View Single Post
Old 01-01-2005, 11:11 AM   #8
Child of the 7th Age
Spirit of the Lonely Star
 
Child of the 7th Age's Avatar
 
Join Date: Mar 2002
Posts: 5,133
Child of the 7th Age is a guest of Tom Bombadil.
King of the North,

Oh, boy! Don't get me started on this.

I agree with you. I felt the movie presented Frodo in a wholly different light than how Tolkien approached him in the book.

For the most part I enjoyed and appreciated the movies. PJ did a fabulous job with his visual depiction of Middle-earth, and I understand the need to cut out and rearrange certain episodes in the book. What bothered me more were those instances when I felt the film "tampered with" the basic nature of the characters in the book, giving them different personalities or motivations. This was true with Faramir and Denethor, and also with Frodo Baggins.

You might want to take a look at an earlier discussion of this topic, a thread that I started several years ago called Two Frodos. For another interesting discussion on similar lines, see this review of movie Frodo.

PJ's Frodo was one-sided. PJ sketched a portrait of a victim who had little will to combat the power of the Ring, but was constantly swooning and keeling over. We never see the Frodo who made a conscious decision to stay and try to rescue his friends at the Barrowdowns or the Hobbit with "perky cheeks" who danced and sang on top of a table in the Prancing Pony. Neither do we see the Frodo who struck out with Sting against the Ringwraith at Weathertop or who escaped on Glorfindel's horse, crying out his defiance: "By Elbereth and Luthien the Fair,....you shall have neither the Ring nor me!" Instead we get the gratuitous scene at Osgiliath that really bothered me with Frodo offering the Ring to the Nazgul rider.

Equally frustrating, I found nothing in the later scenes suggesting that there was an active struggle going on inside Frodo. The side that was under the domination of the Ring was certainly growing, but so too was the other side: specifically, his growth in wisdom and understanding, and the Elven light in Frodo's eyes that Samwise commented on with such affection. Frodo was a victim in PJ's movie, pure and simple.

Frodo's relationship with Gollum is even presented in a different light. The movie Frodo's sympathies for Gollum seem to stem from a personal fear that he too could end up that way. It is a decision motivated primarily by self interest. That is not what Tolkien emphasized in his own narrative. While Tolkien was certainly aware that Frodo's own situation would have made him more aware of what Gollum had gone through, the author emphasizes morality rather than psychological motives or the desire for self preservation. The Frodo of the book grows to understand that "pity" and "mercy" must lay at the heart of our decisions. Again, in the book, the events of the Scouring emphasize Frodo's role as a peacemaker in insisting that as little blood as possible be shed. But this too is swept away, since the Scouring did not make it into the movie.

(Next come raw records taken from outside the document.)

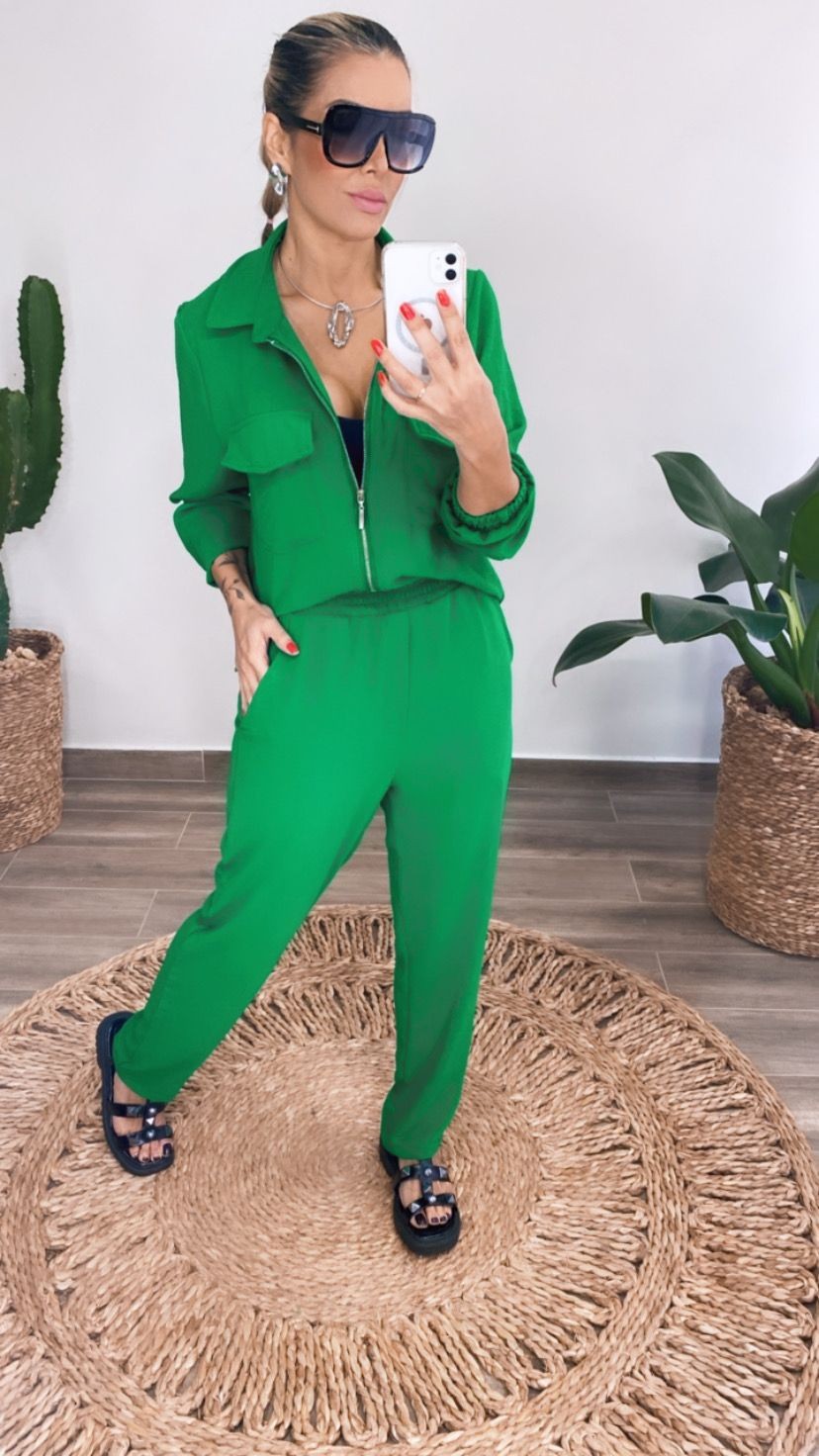 Conjunto composto por bomber com zíper e calça de alfaiataria estilo cenoura, ideal para criar looks modernos e elegantes, podendo ser usado junto ou separado. A bomber tem modelagem quadrada, punhos com elástico e bolsos funcionais, enquanto a calça possui recorte alfaiataria, forro com elastano e bolsos.
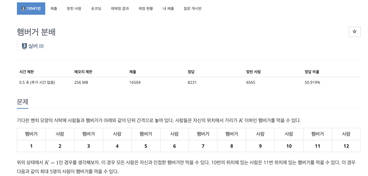 - 각 사람은 자신의 위치에서 왼쪽, 오른쪽 K칸 이내에 있는 햄버거를 먹을 수 있다.
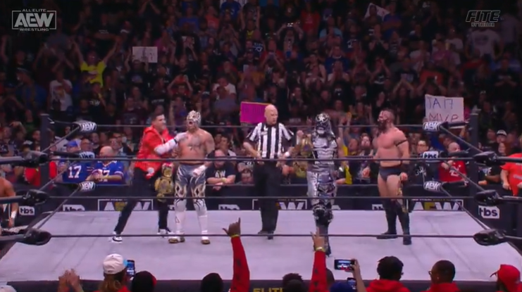 Cassidy would start off with Penta, before taking the kick to the chest. Trent & Chuck would cut down the Lucha Bros before being sent to the floor. Best Friends avoided a triple dive to the floor, and launched Cassidy onto all of Death Triangle. They’d brawl up to the ramp, where Best Friends maintained control – before Penta would be pinned in the ring for a two count.
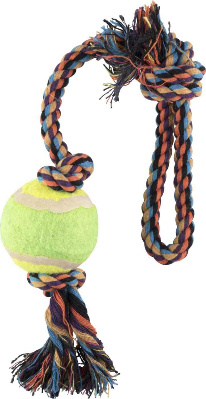 Игрушка д/собак Триол Верёвка цветная с мячом и 2 узлами 41 см 12111029
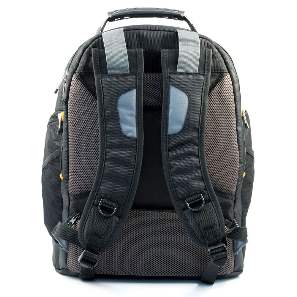 Targus Drifter backpack features a water resistant base, heavy zipper pulls and a reinforced moulded grab handle. Heavily padded shoulder straps provide carrying comfort. Thick padding on the back panel features a large hidden zippered compartment which is strategically placed to provide lumbar support for your back.
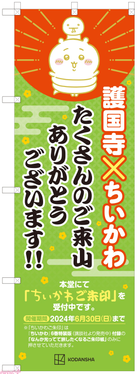 講談社は、大反響の「護国寺 ちいかわご朱印イベント」新規のぼり掲出情報を公開しました。
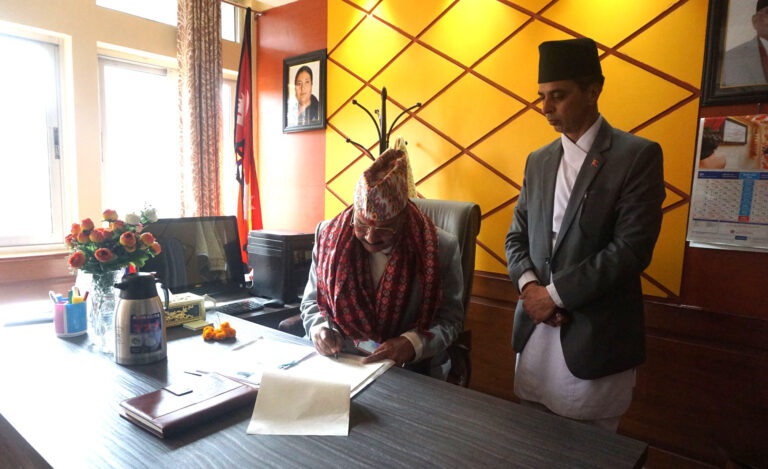 नवनियुक्त मन्त्रीलाई स्वागत अभिवादन गर्दै सचिव अर्यालले मन्त्रालयको साथ, सहयोग र समन्वयन हुने विश्वास दिलाउनुभयो । उहाँले भन्नुभयो, ‘मन्त्रीज्यूको नेतृत्वदायी भूमिकाले मन्त्रालयका लागि मात्र नभइ समग्र राष्ट्रिय स्वाधिनता, राष्ट्रिय एकता र राष्ट्रको हितका लागि महत्वपूर्ण सावित हुनेछ। राष्ट्रको सम्मुन्नति र राष्ट्रितका पक्षमा अझ बढी योगदान पुग्नेछ ।’
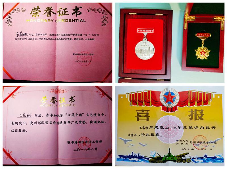 由于香港极端暴力局势的发展,全体驻港部队战士推迟退伍,但是他没有任何怨言,仍然积极开展工作,面对特殊时期更加繁重的公差勤务,值班战备,站岗放哨,也没有一点放松。所有的努力都没有白费,在年底的评功评奖中,荣获优秀义务兵嘉奖。

If this sounds like I "hated" the movies, I did not. I have seen the films several times in the theater and on my EE dvds. I truly enjoyed them. But I did have to accept the simple reality that PJ's fanfiction changes the characters in some rather important ways.

We live in a time when people have trouble accepting "goodness" as someone's true motive. Instead, we have anti-heroes, or good folk who are tormented by self-doubts, individuals whose actions are motivated by inner psychological struggles. For this reason, we see a conflicted Aragorn or lose the nobleness that stood at Denethor's core before the madness struck. We have a Faramir who is motivated by conflicting feelings about his father and a Frodo who is addicted to the Ring from the first moment of the movie on, in the same way that a junkie would be addicted to dope. This may make interesting film....it may even be a logical extension of some things Tolkien set down on paper. But it is not the story that Tolkien told.
__________________
Multitasking women are never too busy to vote.

Last edited by Child of the 7th Age; 01-01-2005 at 11:35 AM.